PROVIDED DATA:
::::::::
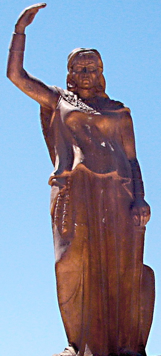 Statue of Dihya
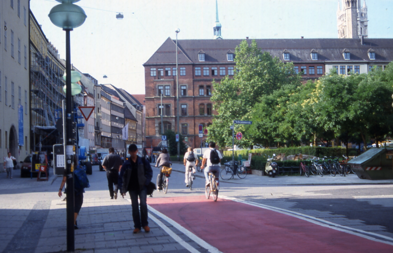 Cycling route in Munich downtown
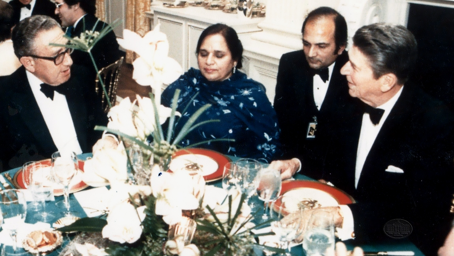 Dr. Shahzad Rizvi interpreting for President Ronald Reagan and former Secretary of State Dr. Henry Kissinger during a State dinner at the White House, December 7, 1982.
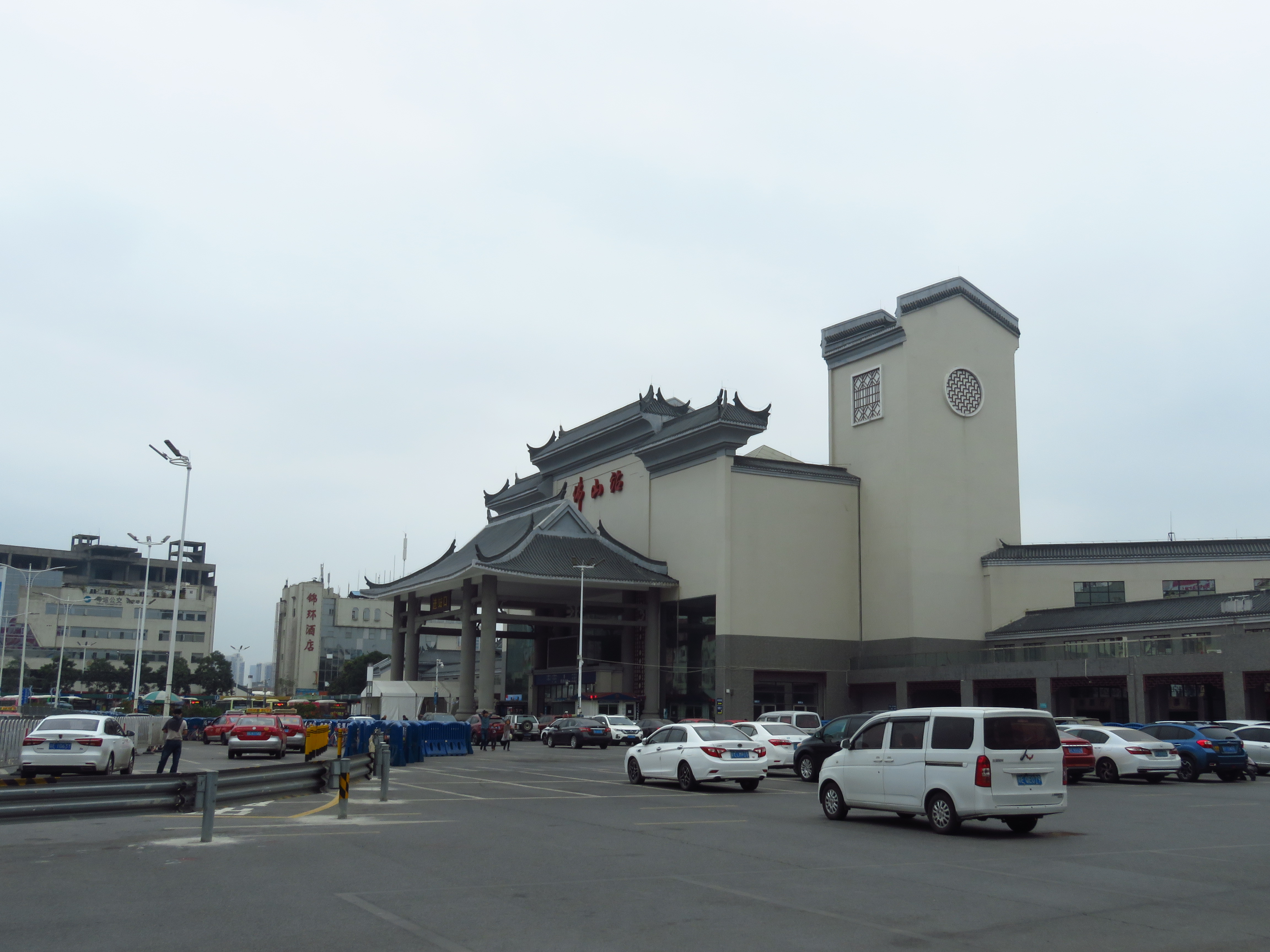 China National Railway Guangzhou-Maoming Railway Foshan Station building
::::::::
EXERCISE: Please provide a faithful transcription of all the data, pictures excluded.

OUTPUT OF THE TASK:
 Statue of Dihya
 Cycling route in Munich downtown
 Dr. Shahzad Rizvi interpreting for President Ronald Reagan and former Secretary of State Dr. Henry Kissinger during a State dinner at the White House, December 7, 1982.
 China National Railway Guangzhou-Maoming Railway Foshan Station building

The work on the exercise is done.